__What to do__
Return the listing in full and exactly, but without a single picture.

__Information provided__

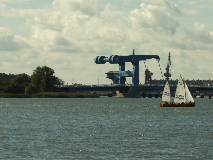 Die Peenebrücke Wolgast, eine Straßen-und Eisenbahn-Klappbrücke, liegt vor uns.
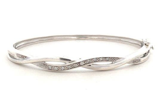 Designer ZEI 925 Sterling Silver Diamond Braided Infinity Hinged Bangle Bracelet
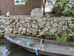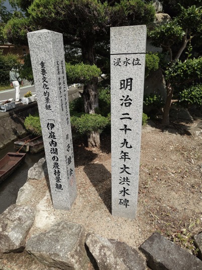 ① 乙女ヶ池 万葉の時代は「香取の海」と呼ばれる琵琶湖の入江でした。その後は大溝城の外堀として利用されましたが、現在は、散策や釣りを楽しむことができる内湖となっています。昭和30年代には真珠の養殖もされていました。柿本人麻呂歌集に収められている「大船香取海慍下何有人物不念有」(大船の香取の海にいかり下ろしいかなる人か物思はずあらむ)の万葉歌碑があります。また、池の真ん中にある太鼓橋は、NHK朝の連続テレビ小説「ごちそうさん」のロケ地にもなりました。 |

__Final answer__
 Die Peenebrücke Wolgast, eine Straßen-und Eisenbahn-Klappbrücke, liegt vor uns.
 Designer ZEI 925 Sterling Silver Diamond Braided Infinity Hinged Bangle Bracelet
 ① 乙女ヶ池 万葉の時代は「香取の海」と呼ばれる琵琶湖の入江でした。その後は大溝城の外堀として利用されましたが、現在は、散策や釣りを楽しむことができる内湖となっています。昭和30年代には真珠の養殖もされていました。柿本人麻呂歌集に収められている「大船香取海慍下何有人物不念有」(大船の香取の海にいかり下ろしいかなる人か物思はずあらむ)の万葉歌碑があります。また、池の真ん中にある太鼓橋は、NHK朝の連続テレビ小説「ごちそうさん」のロケ地にもなりました。 |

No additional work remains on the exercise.